Anders Breivik, an anti-Muslim neo-Nazi, killed 77 people in Norway’s worst peacetime atrocity in July 2011. A Norwegian court ruled on Tuesday that far-right attacker Anders Behring Breivik, who killed 77 people in 2011, must remain in prison, saying there remains “an obvious risk” he could return to behavior that led up to the massacre. Breivik, an anti-Muslim neo-Nazi, killed 77 people in Norway’s worst peacetime atrocity in July 2011. (…) “The risk of violence is real and significant and equal to what it was when (Breivik) was first sentenced,” the district court said in a unanimous verdict. “His stated assurances and word of honour have little value even if he were to mean what he says at the time he says it,” the judges wrote.
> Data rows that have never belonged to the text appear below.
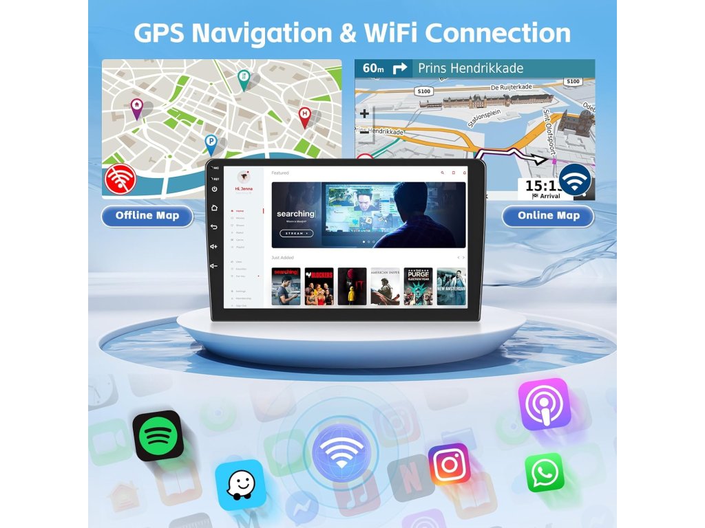 Autorádio disponuje vestavěným GPS modulem s předinstalovanými offline mapami v aplikaci "HereWeGo". Po připojení k 5G WiFi síti se otevírá přístup k online mapám a možnost stahovat oblíbené aplikace, jako jsou YouTube, Spotify nebo TikTok, přímo z Obchodu Play. Funkce Mirror Link umožňuje synchronizaci obrazovky Android nebo iOS telefonu pro zobrazení obsahu na velkém 10,1palcovém displeji.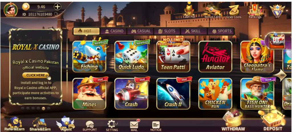 Royal X Casino Game is an online casino gaming app that offers multiple casino style games in one platform.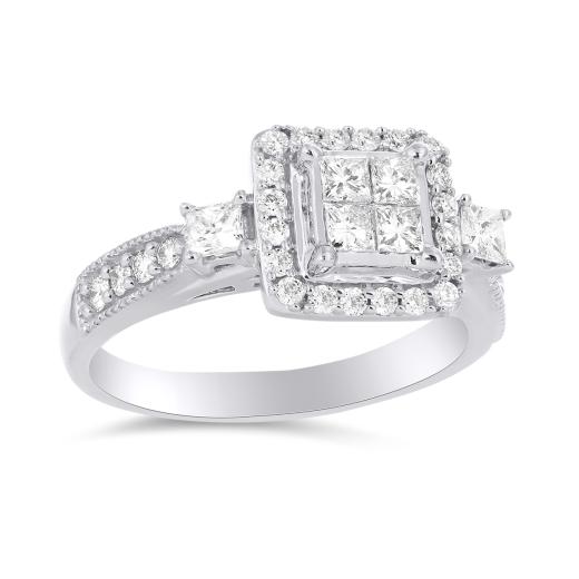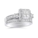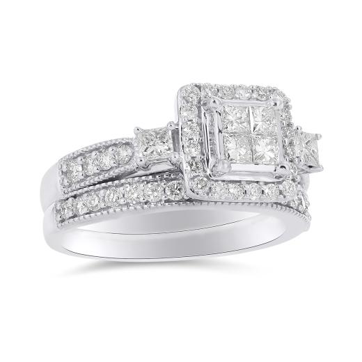 Created in perfect harmony, this 1ctw white gold bridal set is a perfect match. Featuring princess cut diamonds at its centre, this bridal set sparkles endlessly with romantic details.

Based on the court’s findings, Breivik is unlikely at this time to be able to adjust to life outside of prison, and the risk of recidivism is significant, the judges wrote. (…) A psychiatrist who has observed him since 2012 testified that Breivik cannot be trusted while a prison official told the hearing that “there is an imminent danger” that, if released, Breivik would again commit serious crimes. Breivik’s lawyer Oystein Storrvik said his client should be released to prove that he is reformed and no longer a threat to society, and that is not possible to prove while he is in total isolation. Storrvik called it “a paradox that a person is treated so badly in prison that he never gets better. He never gets out.”
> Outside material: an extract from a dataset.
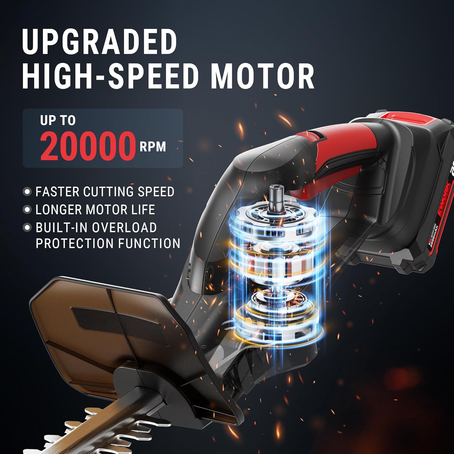 - [Powerful cutting ability] EWORK cordless hedge trimmer is equipped with a reinforced copper wire motor and built-in overcurrent protection program, which improves the stability of hedge trimmer operation and prolongs service life; equipped with a 22-inch double-action laser blade with a cutting diameter of 5/8 inches, this hedge trimmer can complete almost all garden work and bring you an extraordinary hedge trimming experience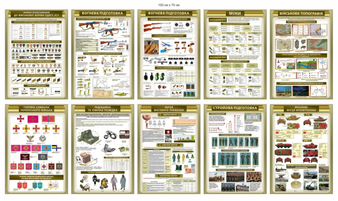 Стенди з основ військової підготовки допоможуть систематизувати знання з основ військової справи з темами:

via al jazeera: Norway court rejects mass killer Breivik’s parole request
siehe auch: Anders Breivik, the neo-Nazi responsible for the Otoya massacre still in prison: ‘He can repeat terrorist attacks’. Anders Behring Brevik stay in prison. The person responsible for the deadliest massacre in the world Norway Since World War II he has asked Conditional Freedom After ten in prison: presented himself before the judges with outstretched arm In the Nazi salute there is no sign of remorse for killed 77 people Between Oslo and the island of Utoya, where dozens of young Labor Party youth gathered. The Telemark Court, located in the southeast of the Scandinavian country, explained that “there is a clear risk that repeat Behaviors that led to the July 22, 2011 terrorist attacks.” A decision in line with the public prosecutor’s request and is highly awaited in light of the experience of the psychiatrist who for years has been monitoring him in detention, Randy Rosenqvist. “I believe Breivik’s diagnosis remains the same. The risk of future acts of violence is unchanged compared to 2012 and 2013, when I wrote my first assessment”, in which the far-right terrorist suffers from ‘social, aesthetic and narcissistic’ personality disorders, the expert said.